Montana Attorney General Investigates Mortenson, Mailer's Crow's Nest, and More

by Staff
4.20.11

Every day Poets & Writers Magazine scans the headlines—from publishing reports to academic announcements to literary dispatches—for all the news that creative writers need to know. Here are today's stories:

Montana's attorney general has opened an investigation into the finances of the charity set up and run by Three Cups of Tea author Greg Mortenson. (USA Today) Salon's Laura Miller says that Mortenson's accusers are missing the point.

Norman Mailer's apartment in Brooklyn, New York, which he specially designed with two flights of ladders, a crow's nest, and, at one point, a trapeze, is up for sale for $2.5 million. (City Room)

What is the way forward for the novel? Garth Risk Hallberg at the Millions takes a closer look.

After thirty-two years in Ann Arbor, Michigan, David's Books will soon close its doors. Notably, the owner of the indie bookstore was in legal trouble a few years back for hiring "drug addicts to steal textbooks from competitors and later [sell] them on the Internet." (AnnArbor.com)

If you order a lot of books from Amazon, watch out! As MobyLives points out, the fact that the online retail giant doesn't pay state sales tax may come back to haunt its customers, who could get audited by the IRS for not paying state tax on purchases made through Amazon.

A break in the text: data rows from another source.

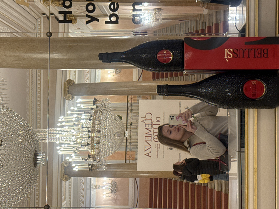 The image depicts a mirror selfie taken inside the grand foyer or galleria of Teatro La Fenice in Venice, Italy. In the immediate foreground, a young woman with long, light brown hair, wearing a beige quarter-zip sweater and a dark-colored shoulder bag, holds a white iPhone with a pink-patterned case to capture her reflection in a large, clear mirror. To her right, two dark-colored sparkling wine bottles, labeled "BELLUSSI" with red and gold accents, are displayed on a light-colored counter. One bottle stands upright on a red rectangular box also labeled "BELLUSSI"; the other lies horizontally, partially obscured, next to it. The background, visible as a reflection, showcases the ornate interior of the theater. Two large, multi-tiered crystal chandeliers hang prominently from the ceiling, illuminated. Fluted marble columns with gold Corinthian capitals frame the space. A grand staircase with red carpeted steps and a white balustrade is visible on both the left and right sides. Centrally positioned in the reflection is a large white poster displaying the opera title "LA CLEMENZA DI TITO" (rendered in reverse due to the mirror). Several wall sconces with multiple candle-like lights are affixed to the walls. Two additional individuals are partially visible in the reflected background on the left, near the staircase. Fragments of a gold-lettered sign, reading "Ha," "yo," "be," and "an," are visible in the upper right quadrant of the reflection.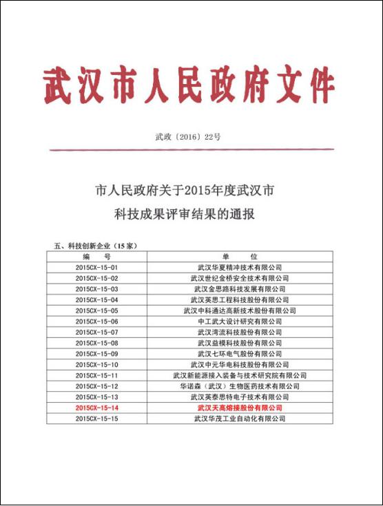 近日,根据《市人民政府关于2015年度武汉市科技成果评审结果的通报》文件,为进一步调动广大科技者的积极性,经有关单位组织推荐、专家评审、市科学技术奖励委员会综合评定,对天高股份等15家2015年度武汉市科技创新企业予以通报。近年来,面对日新月异的焊接新技术,天高股份始终以推动科技创新为宗旨,系统提升科技创新能力,以创新引领人才队伍建设,以人才促进企业持续发展。通过持续的创新活动,天高股份的业务领域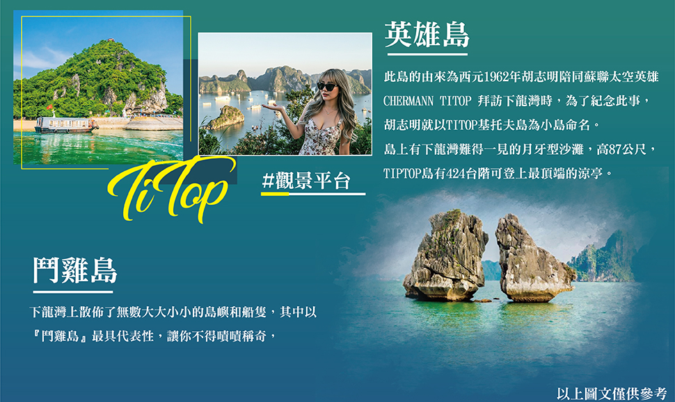 【英雄島TITOP】此島的由來為西元1962年胡志明陪同蘇聯太空英雄CHERMANN TITOP拜訪下龍灣時,為了紀念此事,胡志明就以TITOP基托夫島為小島命名,此島開始聲名大噪。TITOP島有下龍灣難得一見的月牙型沙灘,它的高度87公尺,我們可以登上英雄島424臺階,登上最頂端的涼亭,就是申請世界自然遺產照片的最佳取景處。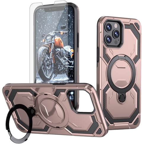 Asuwish Phone Case for iPhone 12 Pro Max/13 ProMax and Magnetic Ring Holder Kickstand with Screen Protector Cover Slim Cell Accessories iPhone12promax i 12pro Promax iPhone13promax Women Men Rose Gold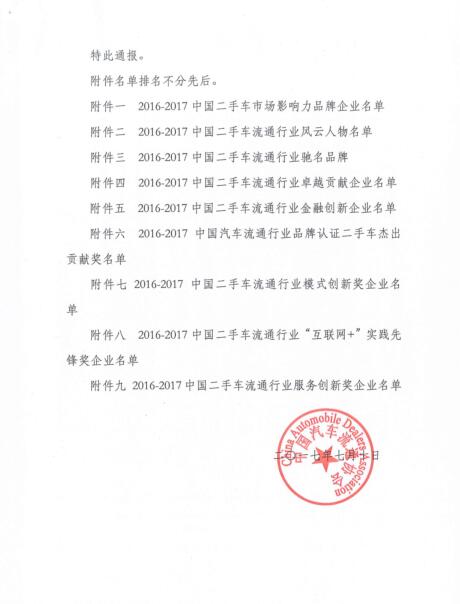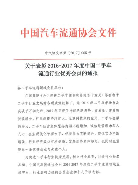 關(guān)于表彰2016-2017年度中國二手車流通行業(yè)優(yōu)秀會員的通報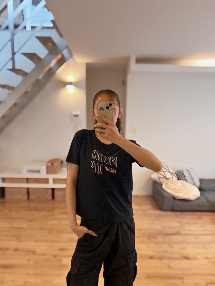 BAILA BAILA vol.36 DVDの中でゆりこさん着用のTシャツ🖤 私はXSにしてみました! 身長163cmですが、いい感じです! あ…でもタイト目のパンツやレギンスと合わせるならSがいいかな?😳 インスタイルはこんな感じ。 でもきっと腕上げたら裾はすぐ出てきそう… サイズ選びのご参考にしてくださいっ🫶 クーポンコード:FR901(FREDDY商品購入時にクーポンコードを入力していただ...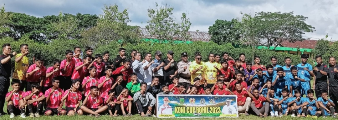ROHIL- Ketua umum Komite Olahraga Nasional Indonesia (KONI) Kabupaten Rohil Samsuri SH, M.Si secara resmi membuka turnamen sepak bola U 18 piala KONI Cup 2023 se-Kabupaten Rohil di lapangan bola kaki Pesantren Al-Majdiyyah, Sabtu (21/10/2023).

The British Library has purchased the archive of poet Wendy Cope, including over forty thousand emails. "This is the second major email acquisition we've made after Harold Pinter's archive in 2007, but contains more material than that," said one library curator. "We are increasingly acquiring digital material; this is going to be the norm as we move forward and we are going to get to the stage where emails replace physical letters." (Independent)

A year ago to the day, the Deepwater Horizon oil rig exploded in the Gulf of Mexico, killing eleven people and starting a giant oil leak that would spill and spill for months. The Los Angeles Times rounded up books written about the calamity.

Here are ten ways digital books are changing our literary lives, from the Denver Post.